## Work order
Only the lines from the beginning of the entries through the one that holds "從短期償債和變現(xiàn)" may appear in the answer, written out exactly and free of pictures.

## Stored items
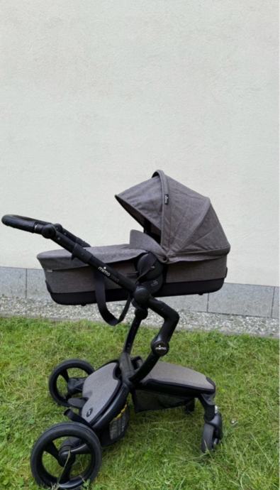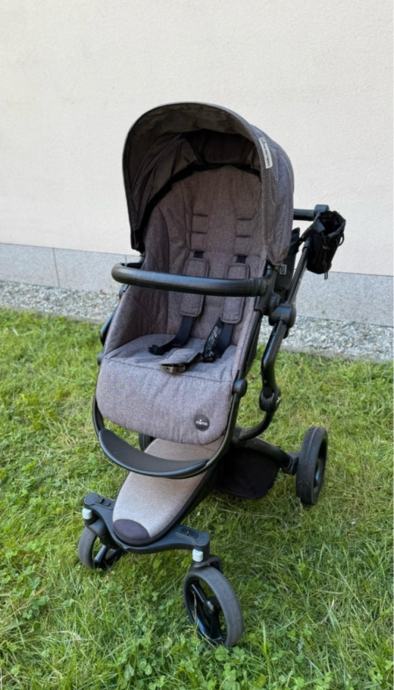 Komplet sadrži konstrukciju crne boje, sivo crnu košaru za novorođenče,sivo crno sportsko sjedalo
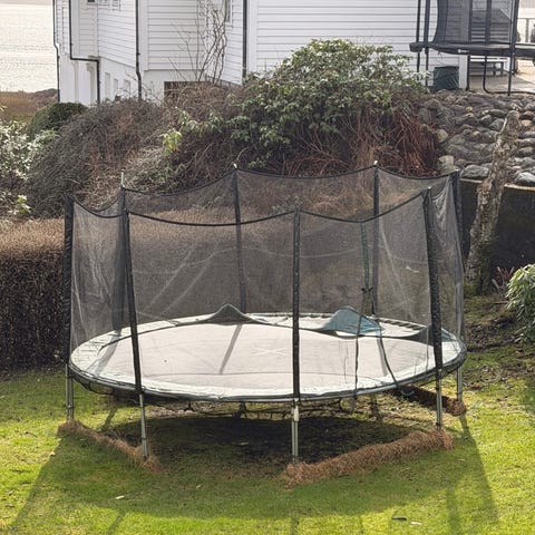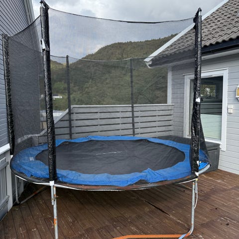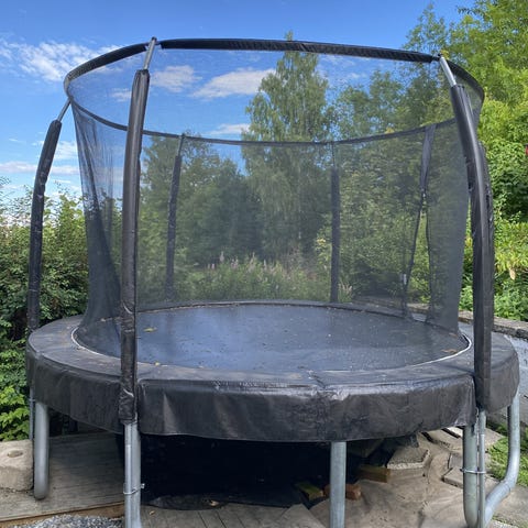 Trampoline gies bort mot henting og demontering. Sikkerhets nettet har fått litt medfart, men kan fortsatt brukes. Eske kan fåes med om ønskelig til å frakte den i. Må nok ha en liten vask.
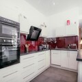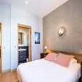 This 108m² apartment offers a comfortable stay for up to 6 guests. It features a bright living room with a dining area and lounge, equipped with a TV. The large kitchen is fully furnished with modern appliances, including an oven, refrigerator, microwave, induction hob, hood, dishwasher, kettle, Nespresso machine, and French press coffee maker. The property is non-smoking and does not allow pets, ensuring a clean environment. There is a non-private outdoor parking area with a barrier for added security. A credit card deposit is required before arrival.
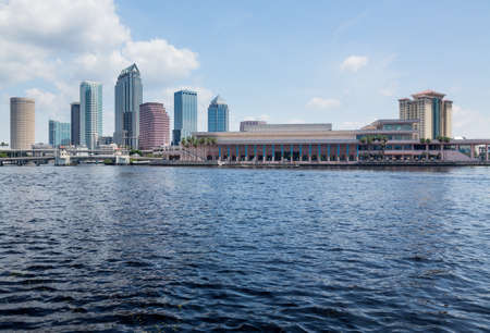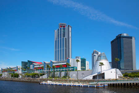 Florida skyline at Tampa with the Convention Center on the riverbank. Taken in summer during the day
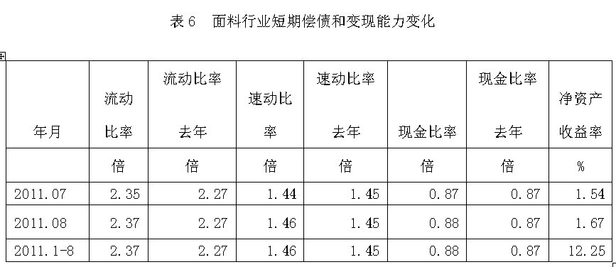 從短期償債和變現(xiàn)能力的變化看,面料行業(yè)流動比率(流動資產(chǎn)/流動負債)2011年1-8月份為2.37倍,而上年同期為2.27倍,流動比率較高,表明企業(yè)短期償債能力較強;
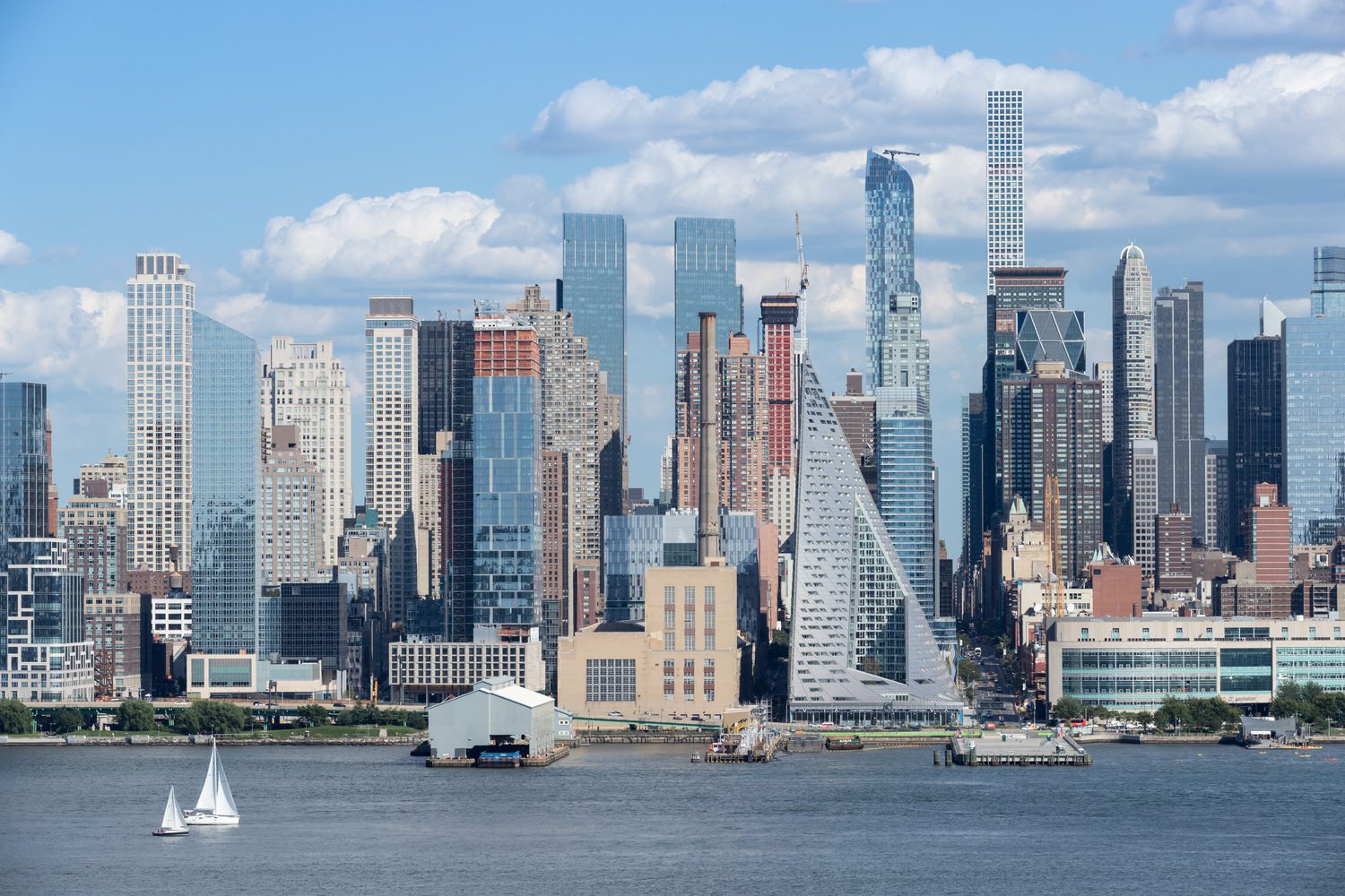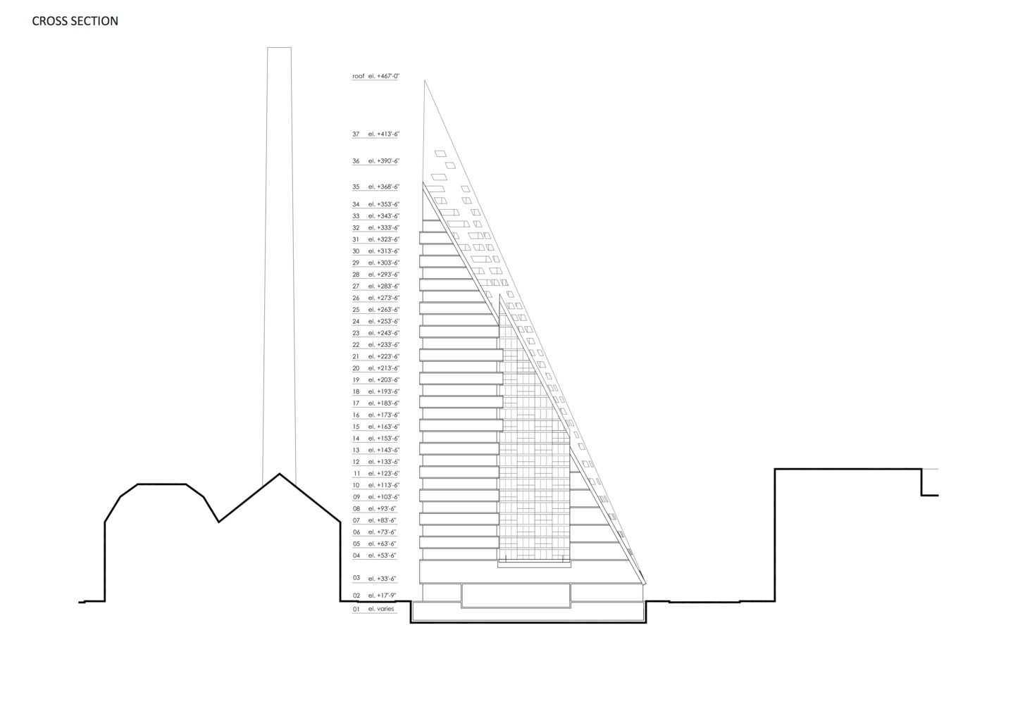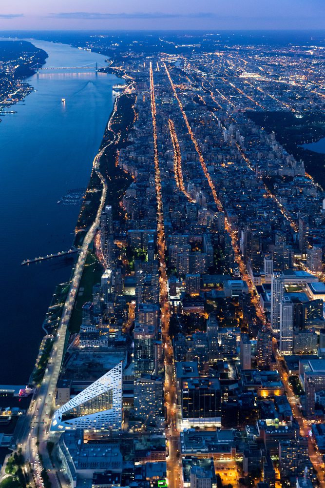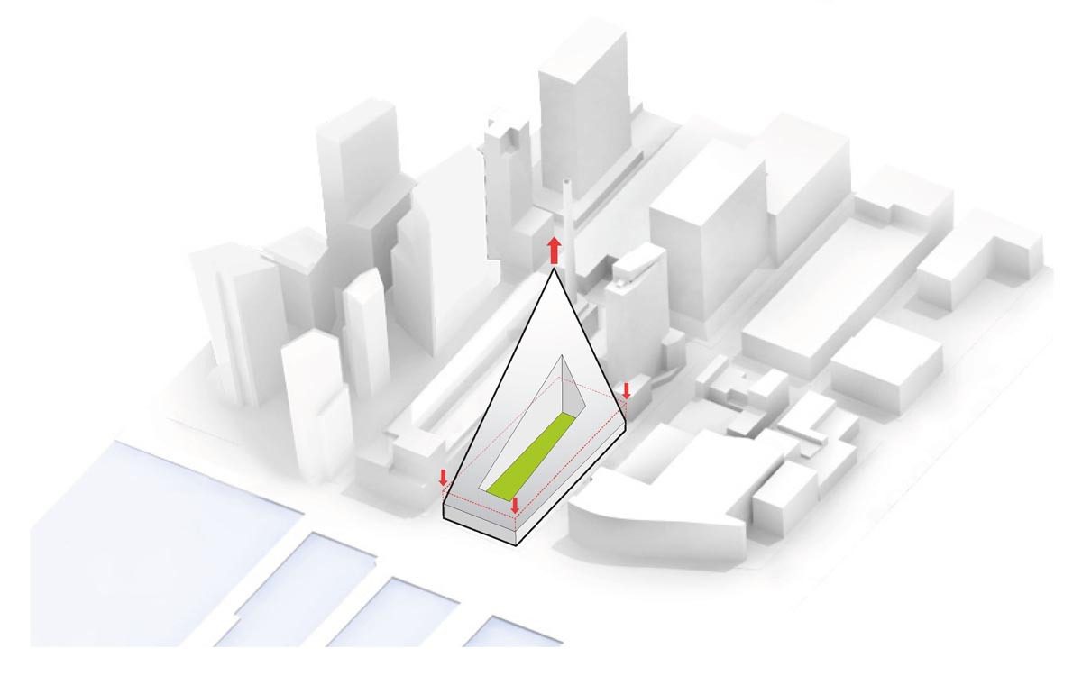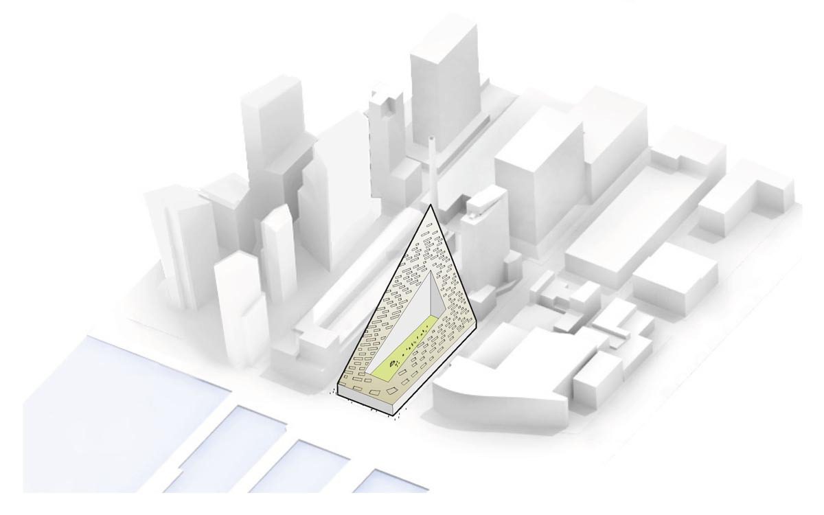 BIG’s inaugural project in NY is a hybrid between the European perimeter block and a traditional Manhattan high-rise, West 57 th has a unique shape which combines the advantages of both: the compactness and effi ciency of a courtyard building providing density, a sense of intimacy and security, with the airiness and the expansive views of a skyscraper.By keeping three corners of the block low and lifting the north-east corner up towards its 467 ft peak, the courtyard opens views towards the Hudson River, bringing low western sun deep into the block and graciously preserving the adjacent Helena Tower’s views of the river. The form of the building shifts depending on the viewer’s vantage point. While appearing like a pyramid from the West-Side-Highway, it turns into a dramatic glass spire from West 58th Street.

## Solution to this task
 Komplet sadrži konstrukciju crne boje, sivo crnu košaru za novorođenče,sivo crno sportsko sjedalo
 Trampoline gies bort mot henting og demontering. Sikkerhets nettet har fått litt medfart, men kan fortsatt brukes. Eske kan fåes med om ønskelig til å frakte den i. Må nok ha en liten vask.
 This 108m² apartment offers a comfortable stay for up to 6 guests. It features a bright living room with a dining area and lounge, equipped with a TV. The large kitchen is fully furnished with modern appliances, including an oven, refrigerator, microwave, induction hob, hood, dishwasher, kettle, Nespresso machine, and French press coffee maker. The property is non-smoking and does not allow pets, ensuring a clean environment. There is a non-private outdoor parking area with a barrier for added security. A credit card deposit is required before arrival.
 Florida skyline at Tampa with the Convention Center on the riverbank. Taken in summer during the day
 從短期償債和變現(xiàn)能力的變化看,面料行業(yè)流動比率(流動資產(chǎn)/流動負債)2011年1-8月份為2.37倍,而上年同期為2.27倍,流動比率較高,表明企業(yè)短期償債能力較強;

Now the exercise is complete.